Confronted with racially discriminatory policies, minorities could not take advantage of the programs that made it possible for millions of people to buy homes in the suburbs. People of color remained in the cities while they witnessed their white counterparts leave in droves. Today, mostly minority inner cities are characterized by the unique phenomenon of concentrated poverty. Inner-city residents face intense spatial isolation and inadequate public resources, education and economic opportunities. As more and more people leave, costs for basic services rise and the poor become even poorer. The average inner city consists of abandoned buildings, total business disinvestment, and resource-depleted schools leaving it vulnerable to violent crime, prostitution, and drugs. By the time anti-discriminatory laws were passed, suburban whites were enjoying soaring property values and minorities now faced the economic barriers that replaced those initially created by race. 

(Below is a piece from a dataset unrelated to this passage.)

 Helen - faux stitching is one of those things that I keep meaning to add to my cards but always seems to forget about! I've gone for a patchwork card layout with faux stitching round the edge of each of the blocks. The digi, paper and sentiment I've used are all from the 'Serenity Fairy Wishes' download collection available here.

Moreover, after decades of segregation, a culture of poverty has become associated with people of color - particularly African Americans. Inner-city residents are not only surrounded by crime, drugs, homelessness and poverty, they are blamed for it. As john powell says, "Not only have we racialized our space, but it is through space that we do our 'racing' in the 20th century." 

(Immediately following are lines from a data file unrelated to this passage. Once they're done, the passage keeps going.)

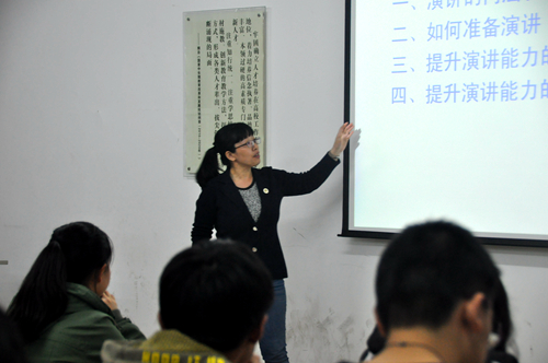 李娜老师从同学们关注的“课前三分钟”为出发点,深入了解同学们的需求,进而通过引用名言警句、励志故事,引出了本次授课的主题“演讲与口才,成就美好未来”。李老师从演讲的内涵、特征、分类,如何准备演讲,提升演讲技能的方法技巧,如何在实践中提升能力四个方面,深入浅出的讲述了拥有好口才对人生的重要性。李老师语言富有感染力又极具条理,台下气氛非常热烈,精彩处同学们纷纷报以热烈掌声。生技1504班何晨表示:“听了李老师的报告,我收获特别多,我会克服不自信的缺点,勤加练习,让自己的演讲水平提到更高的水平。”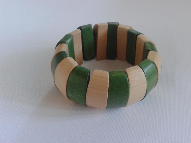 Medinė apyrankė ant gumos, žalios ir rusvos spalvos mediniais elementais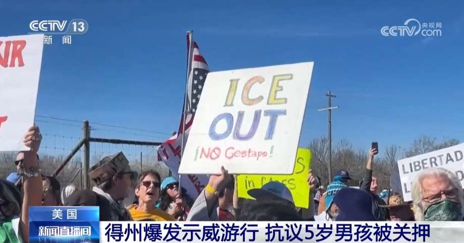 美国得克萨斯州迪利镇28日爆发示威游行活动,示威人群强烈抗议该镇的移民拘留设施关押了一名5岁男孩利亚姆。(图/中国央视新闻视频截图)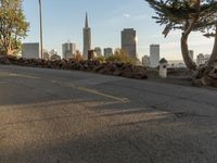 This is an image overlooking a suburban road in California, USA at dawn. The asphalt road curves through the landscape, providing a beautiful view of the city skyline of San Francisco in the distance. The clear sky above adds to the serene atmosphere of the scene. This photo represents a recreational viewpoint where visitors can enjoy an overview of the cityscape. Get a glimpse of the beauty and charm of San Francisco with this stunning image.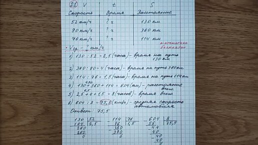 20) Первые 130 км автомобиль ехал со скоростью 52 км/ч, следующие 360 км - со скоростью 90 км/ч, а последние 114 км - со скоростью 76 км/ч.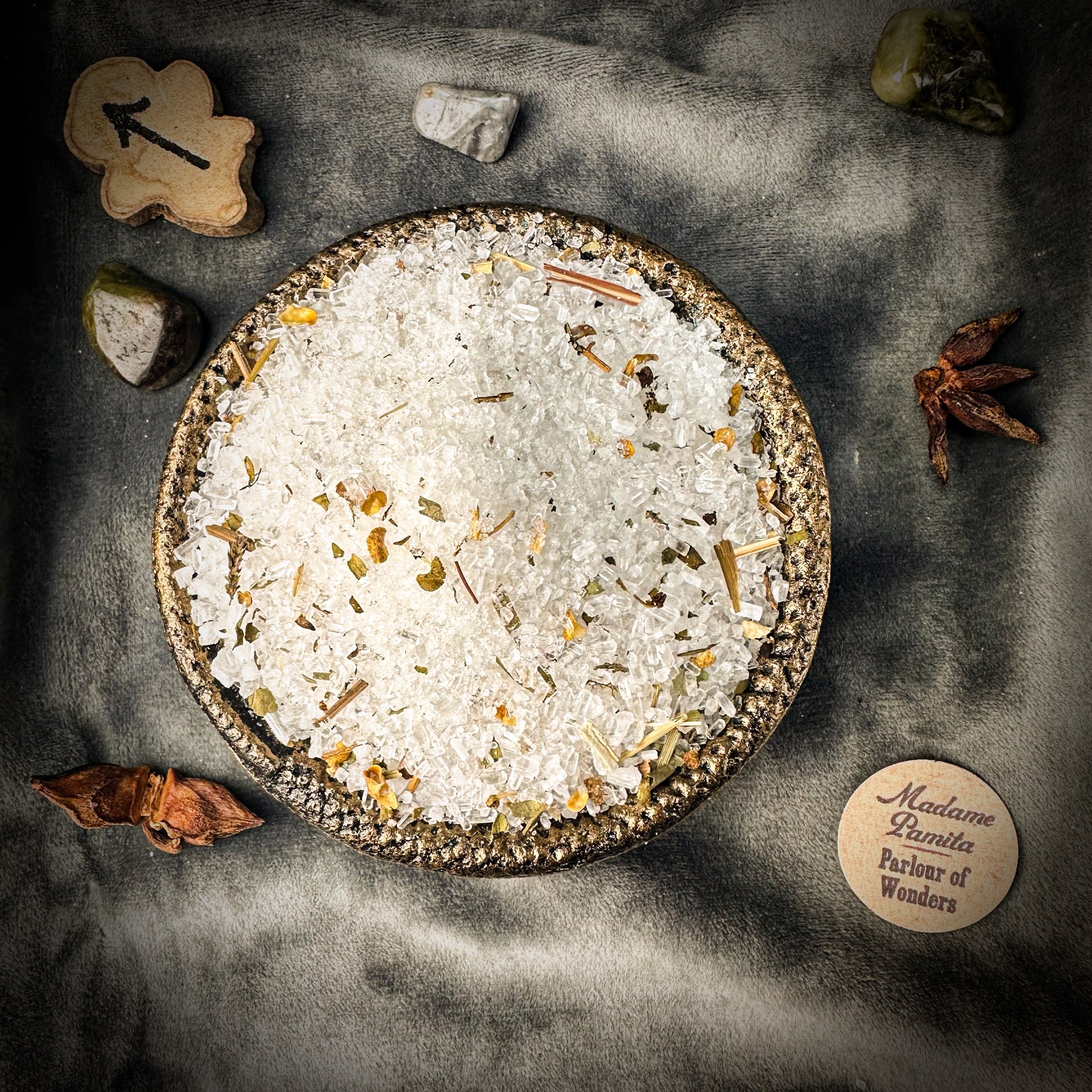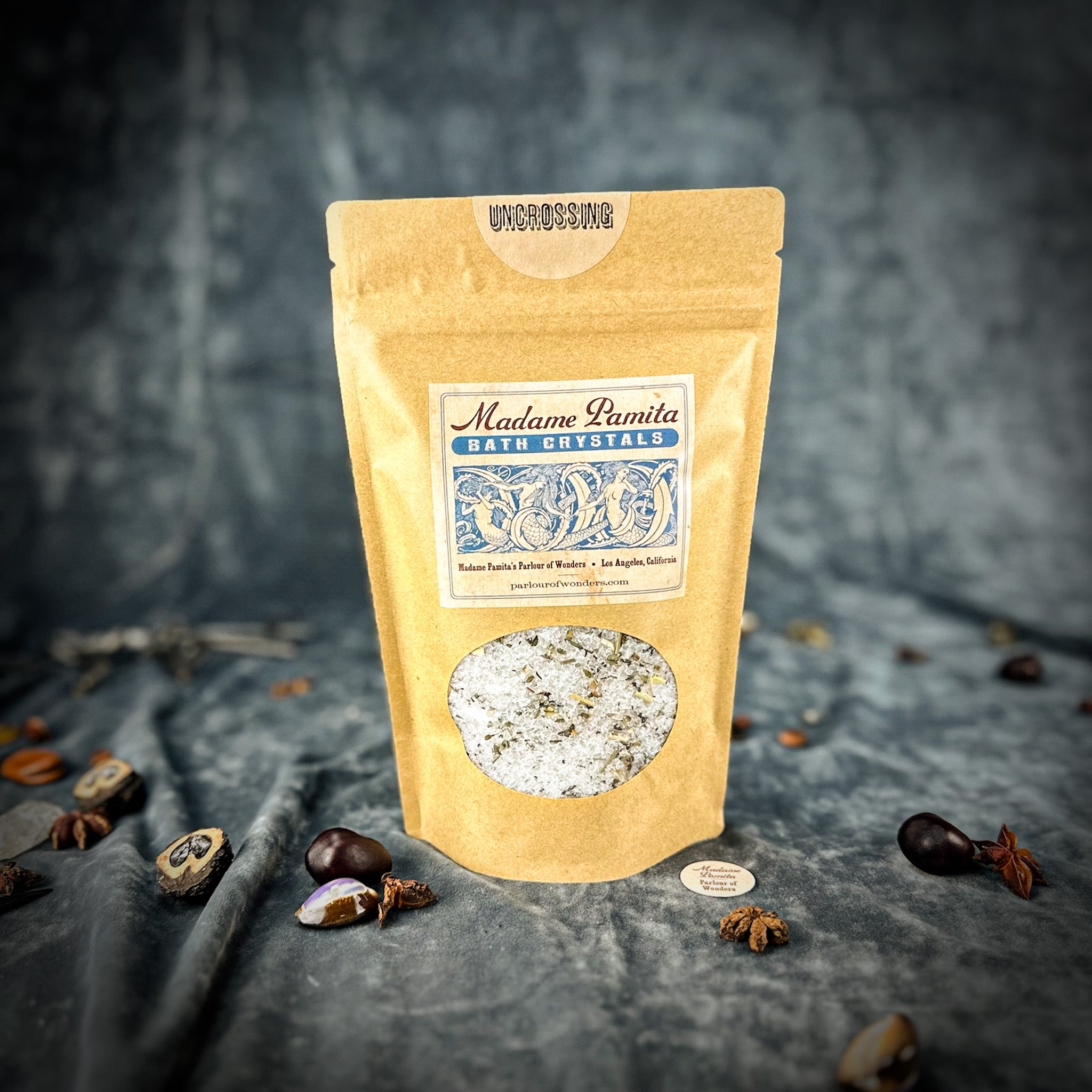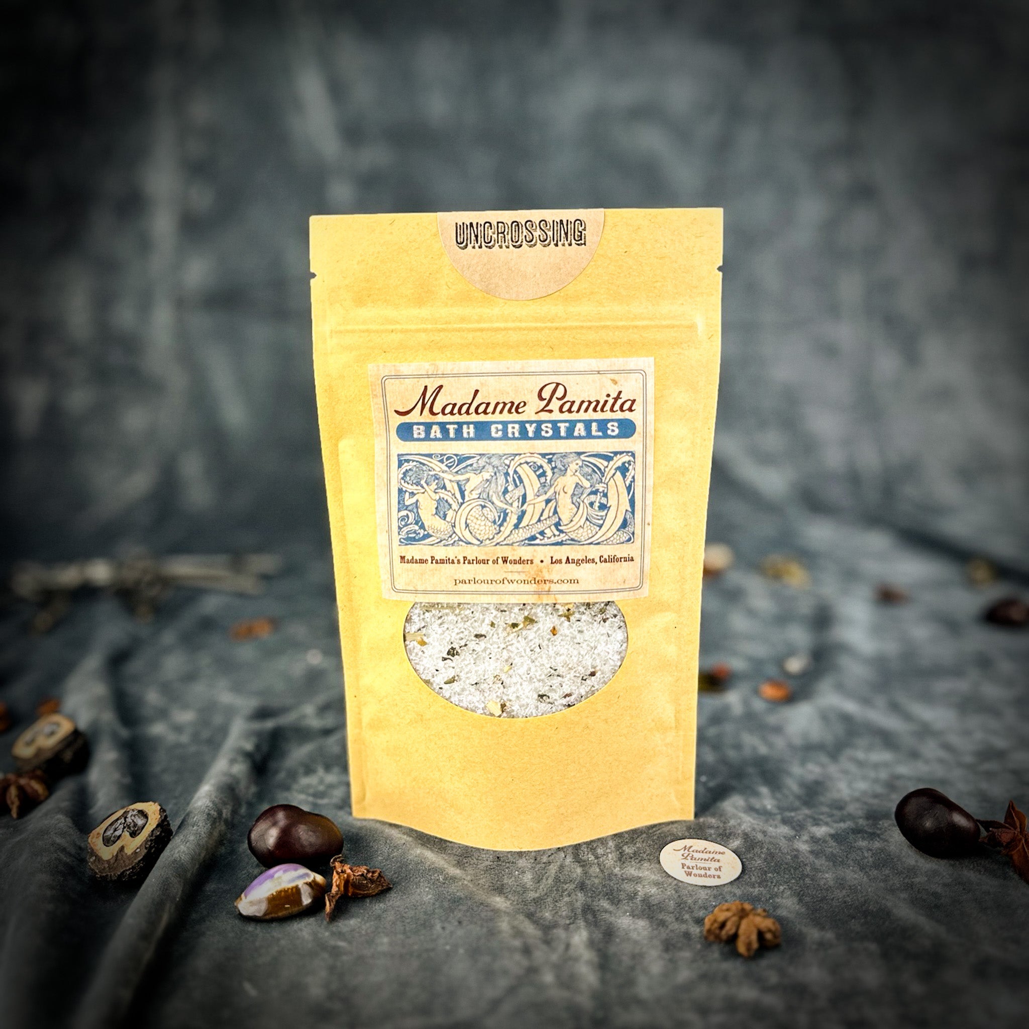 Crafted with the finest natural ingredients, Madame Pamita's Uncrossing Bath Crystals are inspired by traditional spiritual practices to remove the toughest negative magic and support your spiritual empowerment. Each blend includes all-natural sea salt, Epsom salts, organic or wildharvested herbs and botanicals, and organic essential oils thoughtfully combined to cleanse and protect your energy.

How does discrimination, both past and present, continue to affect the life opportunities of nonwhites?

In 1992, The Federal Reserve Bank of Boston released a study showing that Black and Latino mortgage applicants are 60 percent more likely to be turned down for loans than whites, even when they share similar employment and financial backgrounds. 

According to a 1998 report by the Association of Community Organizations for Reform Now (ACORN), African-American mortgage applicants were rejected 217 percent as often as whites - up from 206 percent in 1995. Latino applicants were denied 183 percent as often as whites - up from 169 percent in 1995.

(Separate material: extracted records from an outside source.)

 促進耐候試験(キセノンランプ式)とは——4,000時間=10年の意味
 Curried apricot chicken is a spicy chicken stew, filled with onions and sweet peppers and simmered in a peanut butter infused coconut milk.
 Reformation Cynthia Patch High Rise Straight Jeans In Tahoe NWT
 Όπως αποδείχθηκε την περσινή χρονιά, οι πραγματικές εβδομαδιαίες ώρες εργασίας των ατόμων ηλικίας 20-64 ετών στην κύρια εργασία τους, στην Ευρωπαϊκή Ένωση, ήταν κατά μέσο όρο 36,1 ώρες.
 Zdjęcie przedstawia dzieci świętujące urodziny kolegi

According to a Department of Housing and Urban Development study, high-cost loans are offered five times more often in Black neighborhoods than in white neighborhoods. Furthermore, homeowners in upper-income Black neighborhoods were twice as likely to receive these sort of loans than homeowners in low-income white neighborhoods. In 1998, 9 percent of home loans in white neighborhoods were high cost compared to 51 percent of loans in Black neighborhoods.

In 2003, we celebrate the 35th anniversary of the 1968 Fair Housing Act. Nonetheless, housing discrimination persists in subtler forms. Minorities still experience discrimination on an individual level as well as through a variety of systematic practices. Realtors who practice racial steering will direct nonwhites to segregated areas or direct whites away from integrated areas. Minority mortgage applicants who are regularly denied loans more often than their white socioeconomic equals will by necessity turn to predatory lenders who charge them higher-cost loans than their credit histories warrant.

As long as minorities are still barred from desirable communities and lose out on opportunities to accumulate wealth through rising property values, socioeconomic inequalities between racial groups will continue to be reinforced. Even if individual incidences of discrimination are no longer, the current housing market makes it almost impossible for a family with little or no assets to enter it. As home prices in resource-rich communities continue to rise, low to middle-income families must choose between renting or buying in at-risk, often segregated suburban communities. 

Ironically, defenders of the racial bias in the home lending system will point to the low net worth of minority applicants, even those with high incomes. As George Lipsitz points out, "net worth is almost totally determined by past opportunities for asset accumulation, and therefore is the one figure most likely to reflect the history of discrimination."